Convert OpenAPI v3 APIs to MCP servers automatically for seamless AI integration
MCP Link is an advanced MPC (Model Context Protocol) server designed to automatically convert any OpenAPI V3 API into a fully compatible and standardized MCP interface. This solution addresses the challenges of integrating APIs with AI-driven applications by providing automatic conversion, seamless integration, complete functionality, and zero-code modification. By leveraging MCP Link, developers can ensure compatibility and ease of use across various AI Agent frameworks.
MCP Link automates the process of converting OpenAPI schemas into complete MPC servers. This feature significantly reduces development time by eliminating manual mapping and interface creation, ensuring that all API endpoints are accurately reflected in the new MCP environment.
The server seamlessly integrates with existing RESTful APIs, making them compatible with AI Agent calling standards without requiring any modifications to the original implementation. This capability ensures smooth operation when integrating legacy systems into modern AI workflows.
MCP Link guarantees that all API endpoints are correctly mapped and functional within the new MCP framework. By maintaining comprehensive coverage of both read and write operations, developers can trust that their APIs will function as expected in an AI-driven context.
One of the key benefits of using MCP Link is its ability to provide MPC compatibility without any code changes. This feature saves time and reduces potential errors associated with manual adaptations, making it a robust solution for developers looking to expand their API offerings quickly.
MCP Link adheres to the open Model Context Protocol (MCP) specification, ensuring compatibility across various AI Agent frameworks. By following this standard, developers can be confident that their APIs will work seamlessly in different applications and environments.
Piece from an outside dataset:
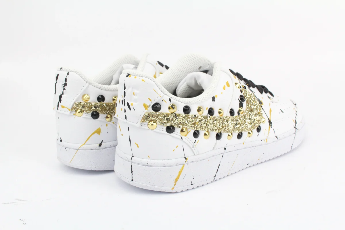 Scarpe originali Nike Court Vision Low personalizzate con Glitter oro nel baffo Nike, mix di Borchie nere e oro e skizzi abbinati.

The architecture of MCP Link is designed around a modular approach, allowing for flexibility and scalability as new features are added or existing ones are modified. Figure 1 below outlines the critical components and data flow within the system:
graph TD
A[AI Application] -->|MCP Client| B[MCP Protocol]
B --> C[MCP Server]
C --> D[Data Source/Tool]
style A fill:#e1f5fe
style C fill:#f3e5f5
style D fill:#e8f5e8
By following the protocol flow diagram (Figure 2), developers can understand how data moves between the AI application, MCP client, server, and external tools or data sources. This ensures a robust and reliable integration process.
graph TD
A[AI Application] --> B[MCP Client]
B --> C[MCP Server]
C --> D[Data Source/Tool]
Getting started with MCP Link is straightforward, involving minimal setup steps. To install and run the server locally:
Clone the repository:
git clone https://github.com/automation-ai-labs/mcp-link.git
cd mcp-openapi-to-mcp-adapter
Install the necessary dependencies:
go mod download
Start the MCP Link server on port 8080 with a zero-host address to allow external access:
go run main.go serve --port 8080 --host 0.0.0.0
MCP Link can be used to convert APIs from real-time data providers, ensuring they are seamlessly integrated into AI workflows for analytics and decision-making processes.
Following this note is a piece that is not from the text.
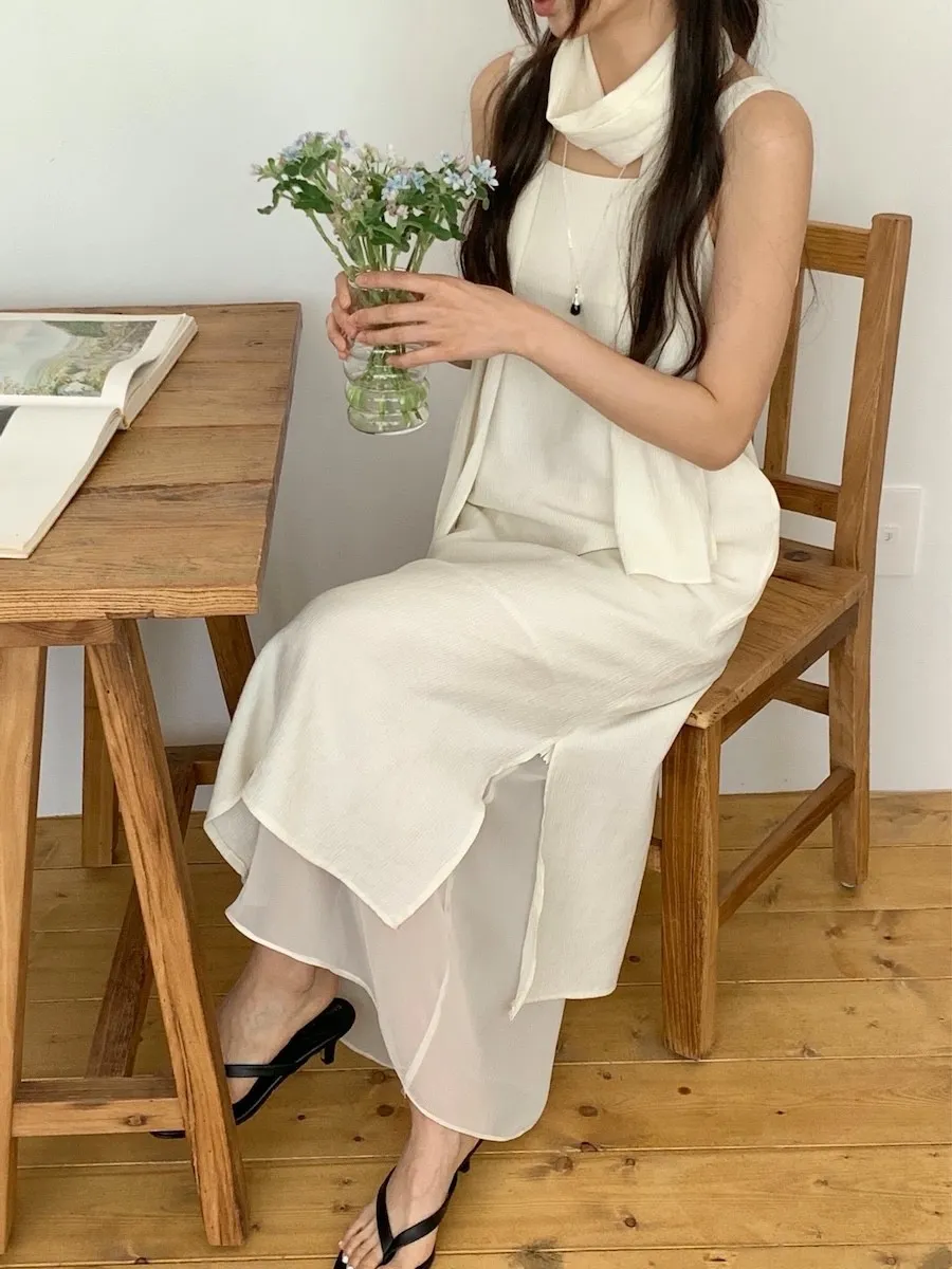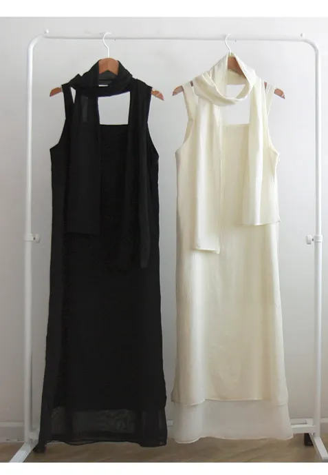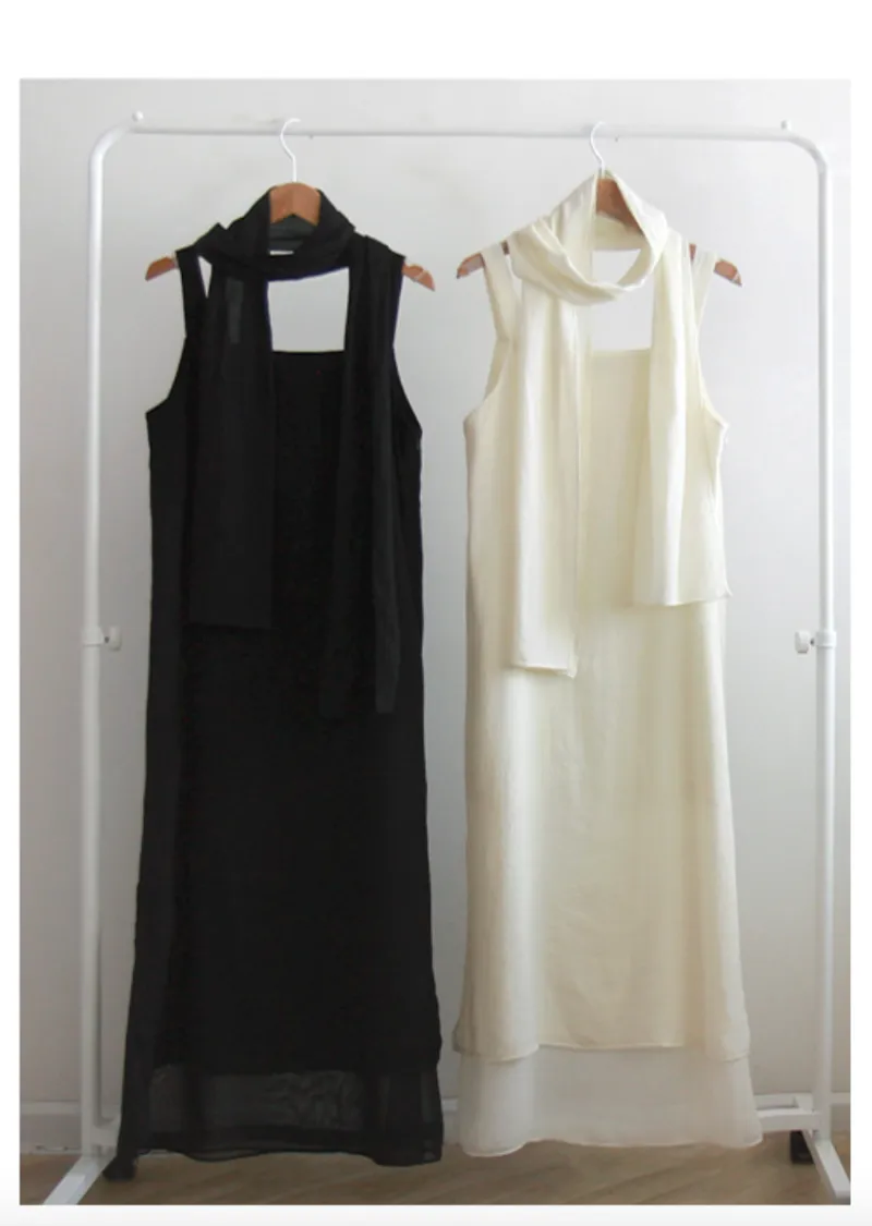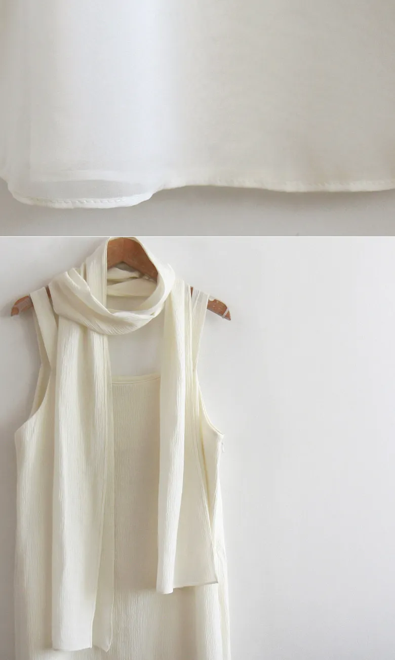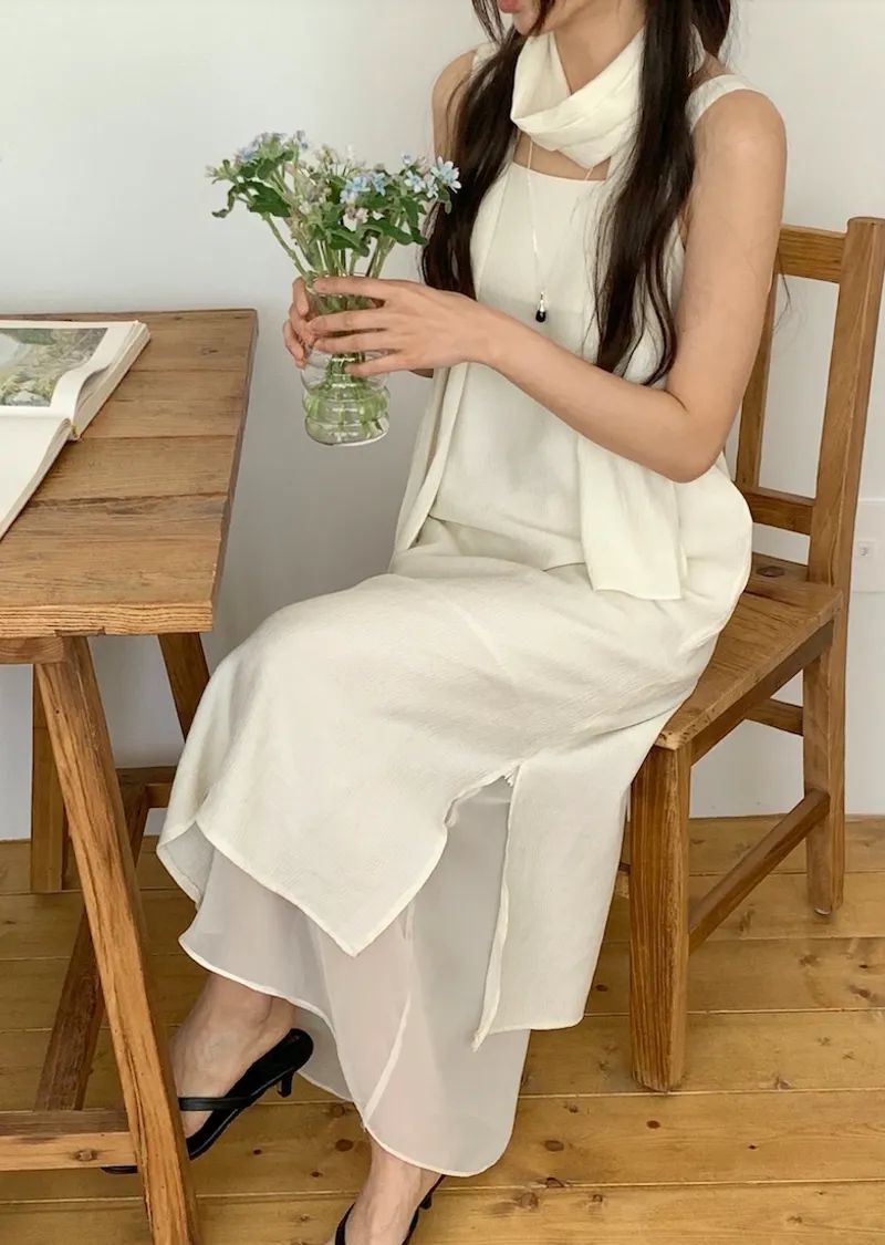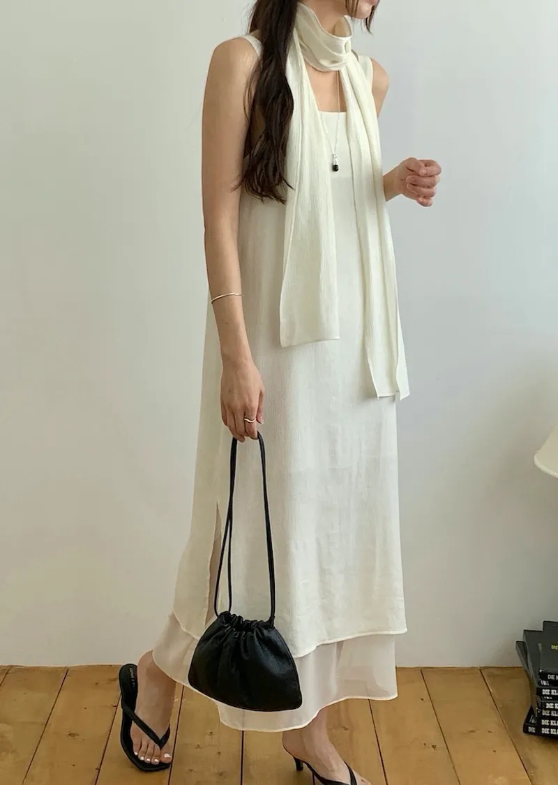 優雅簡潔剪裁下擺薄紗層疊附圍巾褶皺無袖連身裙

For example, a weather API could provide current conditions and forecasts, which an AI system like Claude Desktop or Continue could use to inform users about severe weather warnings. The integration through MCP Link ensures that the API data is always up-to-date and easily accessible.
By converting customer service APIs into MPC servers, organizations can enable more efficient and responsive support interactions within chat applications or voice assistants.
For instance, a customer service API from a company like DuckDuckGo could be used to provide quick responses to user queries. When integrated via MCP Link, this API allows AI agents to call specific endpoints seamlessly, ensuring that users receive accurate and timely assistance.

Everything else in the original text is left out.